= Jürg Tschopp =

Swiss biochemist (1951–2011)

Jürg Tschopp (born 1951 in Basel — died 22 March 2011 in the Swiss Alps) was a Swiss biochemist, known for his research on apoptosis and the immunology of inflammation. His greatest achievement was perhaps his team's discovery and scientific description of the inflammasome (which he named).

==Biography==
Tschopp studied chemistry with his 1974 Diplom thesis supervised by Joachim Seelig at the Biozentrum University of Basel. There Tschopp received in 1979 his doctorate in biophysics under the supervision of Jürgen Engel. As a postdoc Tschopp was supervised by Hans J. Müller-Eberhard at the Scripps Research Institute in La Jolla. There with colleagues he showed "that the lytic pore of complement was formed by C9 multimers." At the University of Lausanne, Tschopp became an assistant professor in 1982, an associate professor in 1987, and a full professor in 1990 in the biochemistry department. Since 2003 he was a co-director of the biochemistry department.

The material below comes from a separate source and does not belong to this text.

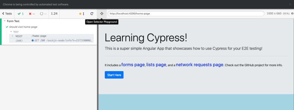 Go back to the first_test.spec.js file from before. Run the test, and when it finishes click on the Playground Selector. Next click on the “start” button.

He and his colleagues discovered "viral and mammalian forms of the caspase-8-related protein FLIP" (FLICE-Like Inhibitory Protein, where "FLICE" is an alias for caspase-8). They elucidated the molecular mechanisms of caspase-8's involvement in cell death processes and in nonapoptotic signalling pathways. In 2000 he with 9 co-workers published their discovery "that, similar to apoptosis, caspase-independent cell death (necroptosis) was a tightly controlled cell biological process that was dependent on the kinase RIP1."

He was involved in the discovery of B-cell activating factor (BAFF), also known as B Lymphocyte Stimulator (BLyS), a cytokine that stimulates the reproduction of B cells. This led to the development of a new drug, Belimumab, approved by the FDA in 2011 for systemic lupus erythematosus.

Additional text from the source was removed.